#### How to complete this task:
In the listing below, find the line containing "на открытом воздухе." and the line containing "Heart graphics amplify". Repeat exactly those two lines and every line between them, nothing more.

#### Extracted entries:

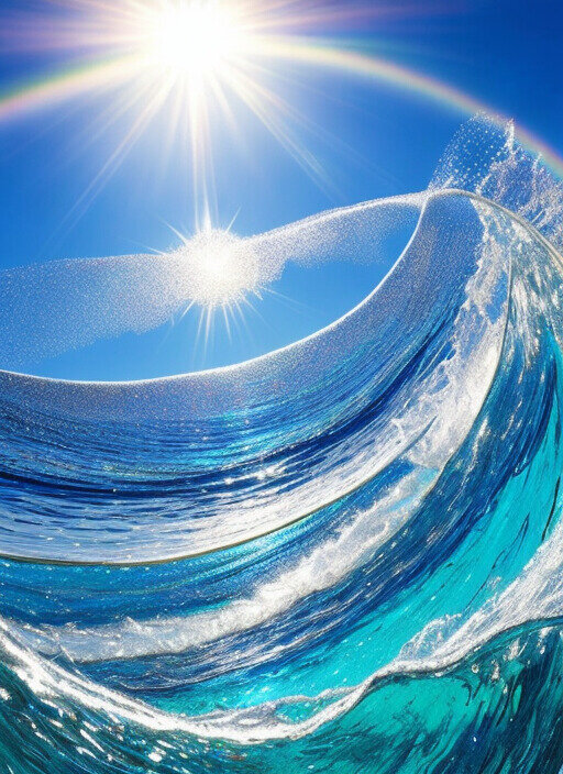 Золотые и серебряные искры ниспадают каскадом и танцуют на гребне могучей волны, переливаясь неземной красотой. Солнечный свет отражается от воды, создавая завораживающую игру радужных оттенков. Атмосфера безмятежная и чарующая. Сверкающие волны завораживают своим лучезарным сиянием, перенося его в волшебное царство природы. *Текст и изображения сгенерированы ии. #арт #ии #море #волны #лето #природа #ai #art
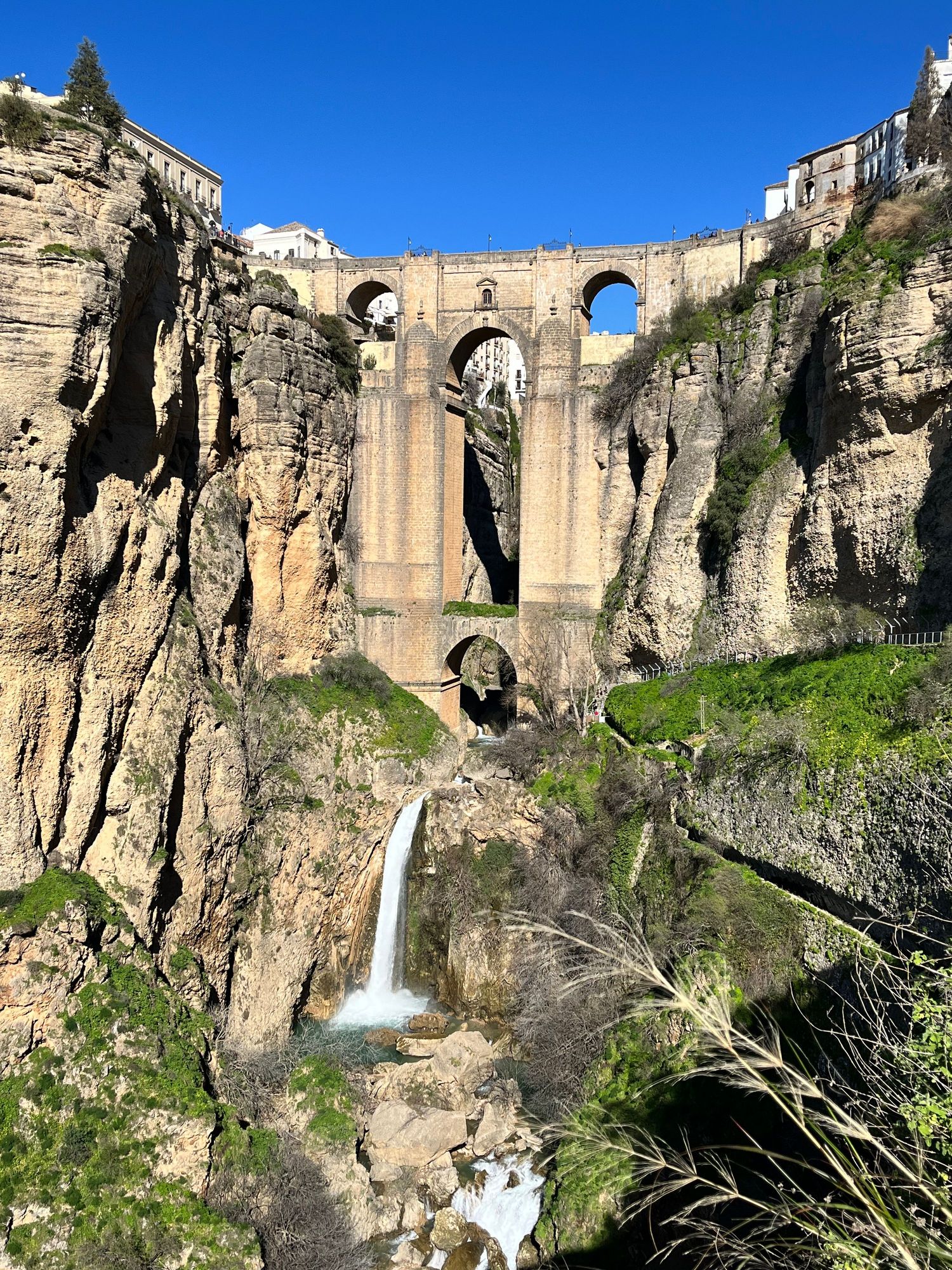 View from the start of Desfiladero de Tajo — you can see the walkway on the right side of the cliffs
---
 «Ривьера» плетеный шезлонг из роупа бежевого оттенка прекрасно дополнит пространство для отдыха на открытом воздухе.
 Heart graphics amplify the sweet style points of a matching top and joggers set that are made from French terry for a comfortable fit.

#### Answer to this exercise:
 «Ривьера» плетеный шезлонг из роупа бежевого оттенка прекрасно дополнит пространство для отдыха на открытом воздухе.
 Heart graphics amplify the sweet style points of a matching top and joggers set that are made from French terry for a comfortable fit.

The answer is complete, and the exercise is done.